- **DATA RECORDS**:

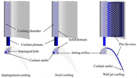 As shown in Figure 2, the simplified model of the first stage of GE-E3 turbine was simulated to conduct the study. The fluid domain contains the mainstream path (marked in red) and the internal cooling chambers at the leading edge of the blade (marked in blue), and the two regions are connected at the coolant outlet. In the passage with pin-fin rows in Figure 3, the solid domain is only the leading-edge part of the blade (marked in dark gray) to avoid the additional heat transfer of double-wall cooling. In other words, the region marked in light gray is not simulated. The periodic boundary condition was utilized in the study to reduce computational cost. Figure 3 illustrates the internal cooling structures investigated in the study, including the impingement cooling with a single row of jet (IC), swirl cooling (SC), and wall jet cooling (WJ). For the blades with impingement cooling and swirl cooling, the coolant and cooling chambers were designed based on the original design of GE-E3 turbine [33]. The film holes were ignored and the coolant outlet was at the tip clearance according to engineering practice, the height of which is 0.4 mm and 1% of the blade height.
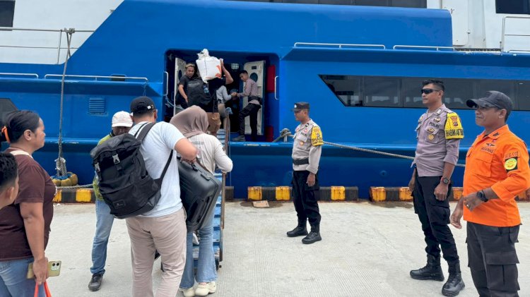 LOBALAIN. Personel Polsek Lobalain melaksanakan pengamanan dan pemantauan embarkasi dan debarkasi penumpang lintas Kupang - Rote PP melalui pelabuhan Baa, Kegiatan kepolisian yang dilakukan menyesuaikan dengan pelayanan angkutan penumpang oleh Kapal Express Bahari 8e. Minggu (22/03/2026).
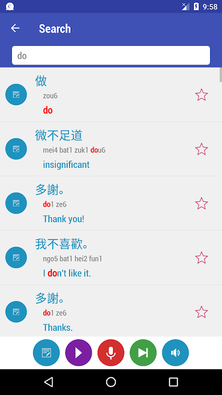 La mejor aplicación gratuita Aprende cantonés para el mundo, contiene más de 9000 palabras y frases comunes con excelente calidad de audio. Sirve para el aprendizaje y los viajeros que visitan el cantonés ... Las lecciones se dividen en categorías y subcategorías de una manera científica, pruebe y sienta. Aporta nuevos métodos de aprendizaje.
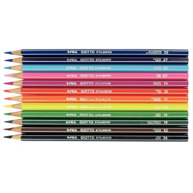 Étui de 12 crayons de couleur Stilnovo assortis. Crayons hexagonaux,vernis de la couleur de la mine. Mine de qualité supérieure. Couleurs assorties vives et intenses. Emplacement pour écrire son nom. diamètre de la mine : 3,3mm. diamètre du crayon : 6,8 mm . Longueur : 18cm.
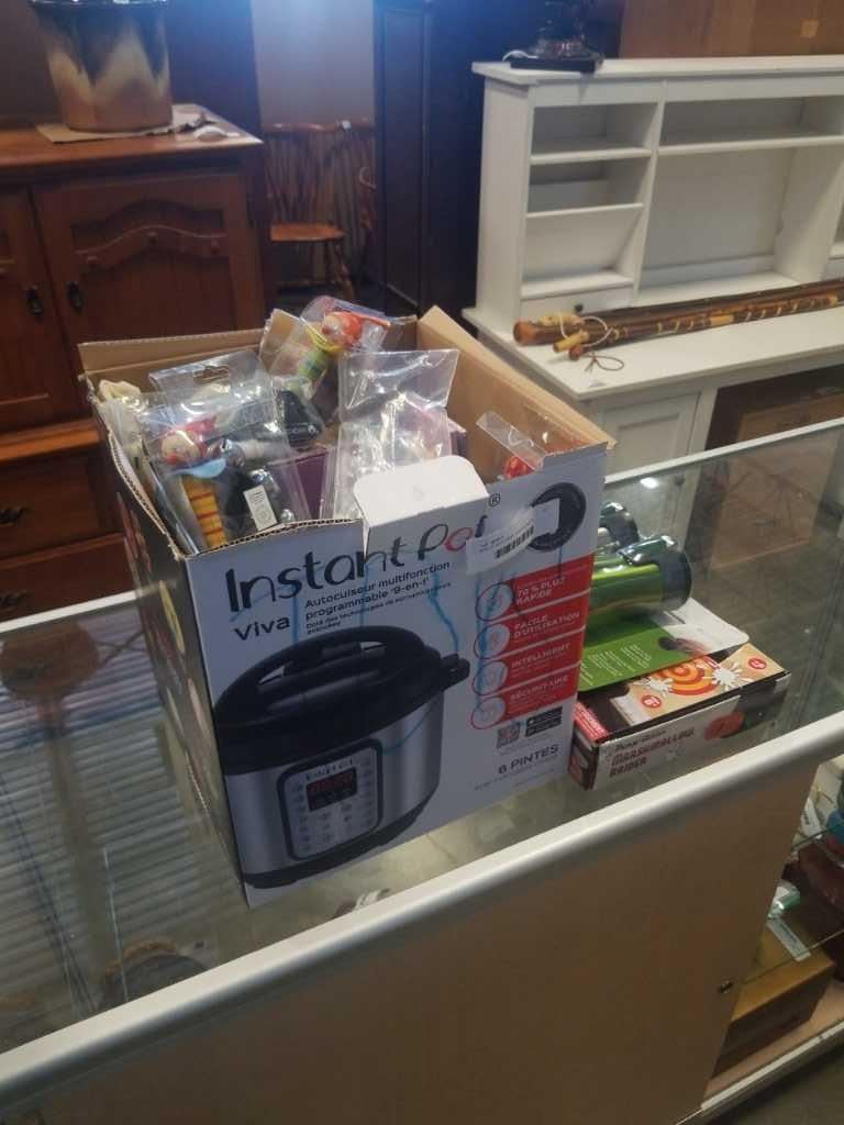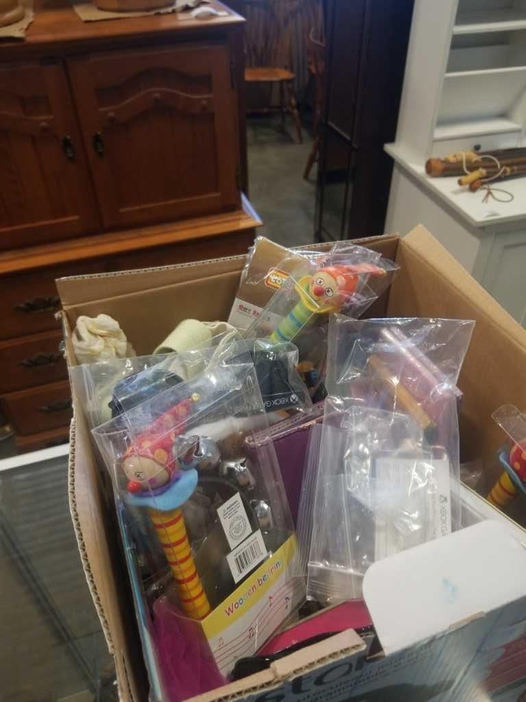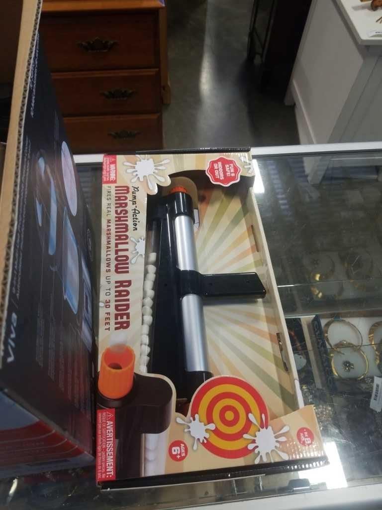 BOX OF NEW ITEMS, COFFEE MUGS, MARSHMALLOW GUN, ETC

- **BRIEF**: A word-for-word copy of the records is needed, one that contains no pictures.

- **RESULT OF THE EXERCISE**:
 As shown in Figure 2, the simplified model of the first stage of GE-E3 turbine was simulated to conduct the study. The fluid domain contains the mainstream path (marked in red) and the internal cooling chambers at the leading edge of the blade (marked in blue), and the two regions are connected at the coolant outlet. In the passage with pin-fin rows in Figure 3, the solid domain is only the leading-edge part of the blade (marked in dark gray) to avoid the additional heat transfer of double-wall cooling. In other words, the region marked in light gray is not simulated. The periodic boundary condition was utilized in the study to reduce computational cost. Figure 3 illustrates the internal cooling structures investigated in the study, including the impingement cooling with a single row of jet (IC), swirl cooling (SC), and wall jet cooling (WJ). For the blades with impingement cooling and swirl cooling, the coolant and cooling chambers were designed based on the original design of GE-E3 turbine [33]. The film holes were ignored and the coolant outlet was at the tip clearance according to engineering practice, the height of which is 0.4 mm and 1% of the blade height.
 LOBALAIN. Personel Polsek Lobalain melaksanakan pengamanan dan pemantauan embarkasi dan debarkasi penumpang lintas Kupang - Rote PP melalui pelabuhan Baa, Kegiatan kepolisian yang dilakukan menyesuaikan dengan pelayanan angkutan penumpang oleh Kapal Express Bahari 8e. Minggu (22/03/2026).
 La mejor aplicación gratuita Aprende cantonés para el mundo, contiene más de 9000 palabras y frases comunes con excelente calidad de audio. Sirve para el aprendizaje y los viajeros que visitan el cantonés ... Las lecciones se dividen en categorías y subcategorías de una manera científica, pruebe y sienta. Aporta nuevos métodos de aprendizaje.
 Étui de 12 crayons de couleur Stilnovo assortis. Crayons hexagonaux,vernis de la couleur de la mine. Mine de qualité supérieure. Couleurs assorties vives et intenses. Emplacement pour écrire son nom. diamètre de la mine : 3,3mm. diamètre du crayon : 6,8 mm . Longueur : 18cm.
 BOX OF NEW ITEMS, COFFEE MUGS, MARSHMALLOW GUN, ETC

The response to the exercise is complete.